Transcribe exactly the lines from the one containing "(AGR) Debutta il" through the end of the entries, including both the first and the last, and nothing else.
**** Working data
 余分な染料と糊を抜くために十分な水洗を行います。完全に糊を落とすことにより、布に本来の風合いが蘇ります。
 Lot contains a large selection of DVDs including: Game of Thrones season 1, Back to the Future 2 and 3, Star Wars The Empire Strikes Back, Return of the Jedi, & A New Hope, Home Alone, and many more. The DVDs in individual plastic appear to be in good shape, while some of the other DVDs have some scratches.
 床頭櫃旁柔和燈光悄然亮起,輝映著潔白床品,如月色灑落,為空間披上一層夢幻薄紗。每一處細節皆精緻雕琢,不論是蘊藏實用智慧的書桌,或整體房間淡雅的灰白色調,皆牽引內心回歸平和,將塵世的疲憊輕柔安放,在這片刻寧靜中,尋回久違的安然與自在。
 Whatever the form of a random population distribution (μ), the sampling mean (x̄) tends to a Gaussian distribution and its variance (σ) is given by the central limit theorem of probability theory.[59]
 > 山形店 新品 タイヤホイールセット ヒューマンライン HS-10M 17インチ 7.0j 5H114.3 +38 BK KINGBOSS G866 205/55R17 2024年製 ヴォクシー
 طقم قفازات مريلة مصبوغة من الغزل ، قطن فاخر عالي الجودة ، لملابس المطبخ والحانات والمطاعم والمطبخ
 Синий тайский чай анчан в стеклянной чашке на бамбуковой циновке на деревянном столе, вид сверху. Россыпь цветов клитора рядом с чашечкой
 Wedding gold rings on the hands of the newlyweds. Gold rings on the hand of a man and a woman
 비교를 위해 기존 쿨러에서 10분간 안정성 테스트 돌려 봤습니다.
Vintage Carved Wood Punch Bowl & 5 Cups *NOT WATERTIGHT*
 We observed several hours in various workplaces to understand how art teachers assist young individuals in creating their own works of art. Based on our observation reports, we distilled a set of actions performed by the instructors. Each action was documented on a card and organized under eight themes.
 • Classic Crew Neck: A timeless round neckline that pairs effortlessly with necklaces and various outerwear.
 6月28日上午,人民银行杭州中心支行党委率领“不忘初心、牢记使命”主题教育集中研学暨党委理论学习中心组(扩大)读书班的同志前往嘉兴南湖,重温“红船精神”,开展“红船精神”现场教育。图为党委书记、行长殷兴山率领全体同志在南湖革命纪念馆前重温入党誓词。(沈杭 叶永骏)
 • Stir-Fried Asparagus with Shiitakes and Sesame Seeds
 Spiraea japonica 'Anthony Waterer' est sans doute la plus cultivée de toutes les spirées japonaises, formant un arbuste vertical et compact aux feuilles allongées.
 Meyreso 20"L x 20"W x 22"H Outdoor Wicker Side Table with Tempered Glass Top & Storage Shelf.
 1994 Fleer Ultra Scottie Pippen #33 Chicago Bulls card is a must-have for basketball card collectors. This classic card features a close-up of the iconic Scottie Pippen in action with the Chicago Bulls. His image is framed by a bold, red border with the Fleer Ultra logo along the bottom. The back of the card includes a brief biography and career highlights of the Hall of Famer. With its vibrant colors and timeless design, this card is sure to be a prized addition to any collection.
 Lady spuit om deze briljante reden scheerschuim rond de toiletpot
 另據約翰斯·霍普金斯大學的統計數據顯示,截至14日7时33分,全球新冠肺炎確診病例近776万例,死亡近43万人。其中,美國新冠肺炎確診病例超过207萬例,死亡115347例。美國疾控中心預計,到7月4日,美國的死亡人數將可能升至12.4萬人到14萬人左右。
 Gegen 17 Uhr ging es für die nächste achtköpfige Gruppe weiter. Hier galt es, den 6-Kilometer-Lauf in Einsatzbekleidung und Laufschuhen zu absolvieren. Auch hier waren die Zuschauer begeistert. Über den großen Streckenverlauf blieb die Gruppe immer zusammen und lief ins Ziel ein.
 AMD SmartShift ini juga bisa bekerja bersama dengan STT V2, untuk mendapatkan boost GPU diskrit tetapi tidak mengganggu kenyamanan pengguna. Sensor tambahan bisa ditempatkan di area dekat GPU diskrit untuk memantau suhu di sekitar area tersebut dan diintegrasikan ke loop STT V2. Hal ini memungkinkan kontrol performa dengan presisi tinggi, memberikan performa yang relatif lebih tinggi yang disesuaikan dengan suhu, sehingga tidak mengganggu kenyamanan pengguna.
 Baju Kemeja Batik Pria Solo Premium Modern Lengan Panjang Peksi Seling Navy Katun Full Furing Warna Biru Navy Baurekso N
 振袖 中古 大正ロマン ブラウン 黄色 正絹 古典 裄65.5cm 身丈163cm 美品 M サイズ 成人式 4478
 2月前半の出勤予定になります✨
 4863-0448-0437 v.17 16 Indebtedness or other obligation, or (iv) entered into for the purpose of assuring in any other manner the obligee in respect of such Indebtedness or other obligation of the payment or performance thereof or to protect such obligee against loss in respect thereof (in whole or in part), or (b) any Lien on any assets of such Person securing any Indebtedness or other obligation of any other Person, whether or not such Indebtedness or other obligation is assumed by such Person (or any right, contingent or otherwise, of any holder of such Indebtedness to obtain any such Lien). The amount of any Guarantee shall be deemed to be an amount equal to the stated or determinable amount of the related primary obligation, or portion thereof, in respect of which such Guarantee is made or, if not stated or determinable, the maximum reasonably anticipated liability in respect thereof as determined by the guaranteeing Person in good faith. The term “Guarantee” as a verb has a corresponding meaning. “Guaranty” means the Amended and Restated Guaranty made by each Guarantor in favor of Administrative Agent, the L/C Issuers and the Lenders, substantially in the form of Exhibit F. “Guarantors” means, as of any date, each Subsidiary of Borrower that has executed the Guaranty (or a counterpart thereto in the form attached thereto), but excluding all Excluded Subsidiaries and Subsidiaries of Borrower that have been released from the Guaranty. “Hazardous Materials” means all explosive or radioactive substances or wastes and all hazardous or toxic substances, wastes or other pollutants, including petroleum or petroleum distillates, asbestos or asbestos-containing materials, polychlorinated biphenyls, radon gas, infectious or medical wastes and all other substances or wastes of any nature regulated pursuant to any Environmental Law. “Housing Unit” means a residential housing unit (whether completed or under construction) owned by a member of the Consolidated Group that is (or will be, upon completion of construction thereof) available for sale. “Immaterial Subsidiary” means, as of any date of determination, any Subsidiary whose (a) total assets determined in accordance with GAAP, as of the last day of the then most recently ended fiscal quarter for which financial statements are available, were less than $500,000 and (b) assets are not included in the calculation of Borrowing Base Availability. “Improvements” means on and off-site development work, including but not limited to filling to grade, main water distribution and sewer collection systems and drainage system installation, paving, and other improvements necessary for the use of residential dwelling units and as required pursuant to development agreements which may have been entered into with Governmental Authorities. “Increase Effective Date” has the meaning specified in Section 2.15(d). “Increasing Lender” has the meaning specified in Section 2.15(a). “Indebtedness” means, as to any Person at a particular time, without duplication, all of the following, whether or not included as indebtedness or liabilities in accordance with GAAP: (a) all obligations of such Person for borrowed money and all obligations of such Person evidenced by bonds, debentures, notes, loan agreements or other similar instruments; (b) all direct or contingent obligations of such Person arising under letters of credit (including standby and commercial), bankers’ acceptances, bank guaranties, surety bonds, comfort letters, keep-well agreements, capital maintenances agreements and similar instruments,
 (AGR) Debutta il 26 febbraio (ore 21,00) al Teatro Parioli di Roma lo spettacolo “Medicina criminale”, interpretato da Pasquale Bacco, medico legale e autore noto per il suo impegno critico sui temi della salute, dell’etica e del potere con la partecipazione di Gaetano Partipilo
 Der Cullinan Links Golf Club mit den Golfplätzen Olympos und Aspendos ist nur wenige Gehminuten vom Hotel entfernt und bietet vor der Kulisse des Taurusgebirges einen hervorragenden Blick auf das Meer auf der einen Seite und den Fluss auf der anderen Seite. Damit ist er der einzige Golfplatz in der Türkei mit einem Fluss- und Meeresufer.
********
## Answer space
 (AGR) Debutta il 26 febbraio (ore 21,00) al Teatro Parioli di Roma lo spettacolo “Medicina criminale”, interpretato da Pasquale Bacco, medico legale e autore noto per il suo impegno critico sui temi della salute, dell’etica e del potere con la partecipazione di Gaetano Partipilo
 Der Cullinan Links Golf Club mit den Golfplätzen Olympos und Aspendos ist nur wenige Gehminuten vom Hotel entfernt und bietet vor der Kulisse des Taurusgebirges einen hervorragenden Blick auf das Meer auf der einen Seite und den Fluss auf der anderen Seite. Damit ist er der einzige Golfplatz in der Türkei mit einem Fluss- und Meeresufer.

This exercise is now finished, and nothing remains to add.